2014 NBA Finals: Miami Heat’s Defense Continues To Be Their Downfall
The defending champs had not played defense in the first two games of the series, so it was bound to catch up to them in the worse way possible: a way that saw the Western Conference representatives start off 19-of-21 while hitting 10 shots in a row, and going about 12 minutes without a missed field goal.
It was your typical Miami squad playing with fire, knowing that they have the ability to come back. You know, the type of first-half basketball that they have displayed for the past two seasons — only this time they were historically bad.

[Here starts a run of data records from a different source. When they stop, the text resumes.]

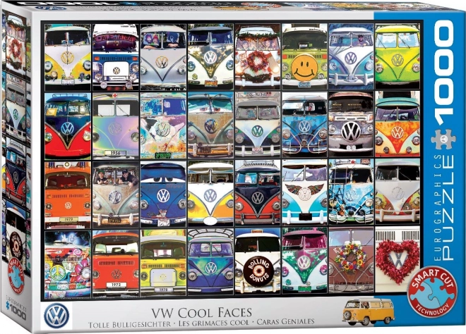Puzzle EUROGRAPHICS VW Cool Faces je balené v kompaktnej štvorcovej krabici, ktorá šetrí miesto a je ideálna na uchovávanie aj transport. To, čo toto puzzle odlišuje, je jeho originálna raznica. Dieliky nemajú štandardný tvar, čo zvyšuje celkovú náročnosť a ponúka nový herný zážitok.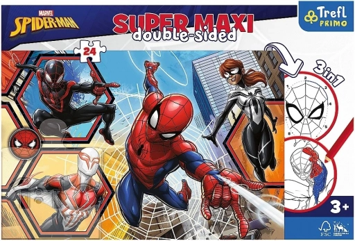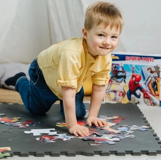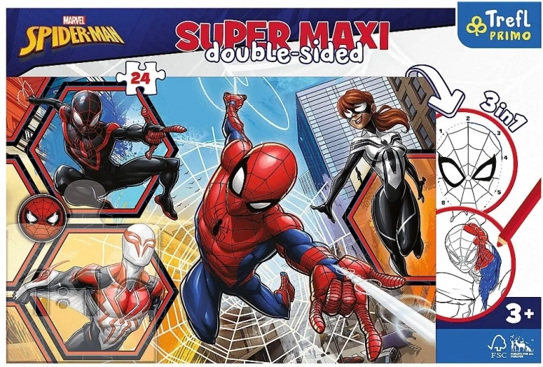 De dubbelzijdige Super Maxi-puzzel in de wereld van SPIDER-MAN biedt kinderen drie activiteiten in één: het leggen van een grootformaat afbeelding, inkleuren en eenvoudig spelplezier. Dankzij de 24 grote stukjes is het leggen intuïtief en toegankelijk, ook voor jongere kinderen, terwijl het voltooide beeld een formaat heeft van ca. 60 × 40 cm.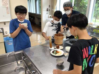 講師の方を招いて、稲武の桶茶について学びました。子ども達は茶桶で泡立てたお茶をお漬け物と一緒に味わいました。

Despite shooting 56 percent in the first half, Miami trailed by 21 points at intermission after giving up 71 on 75.8 percent shooting. There’s really no other way to describe that than to say that the Heat were mesmerized by watching the ball go from Spurs player to Spurs player without touching the floor. The easy shots made their offense run like clockwork.
Things became so bad that as a fan, you could not help but wish that they would take some pride and just hit somebody. Then you realize that hitting people is all that they did when you see that the Spurs went to the line 32 times.
At some point, coach Erik Spoelstra is going to see that he needs to make a change and invest a few minutes in a defensive player on the perimeter, a la Shane Battier. Maybe he’ll even get lucky and knock down a few threes like he’s been known to do. Let’s face it, anything is better than James Jones, who can’t hit a shot or guard his own shadow.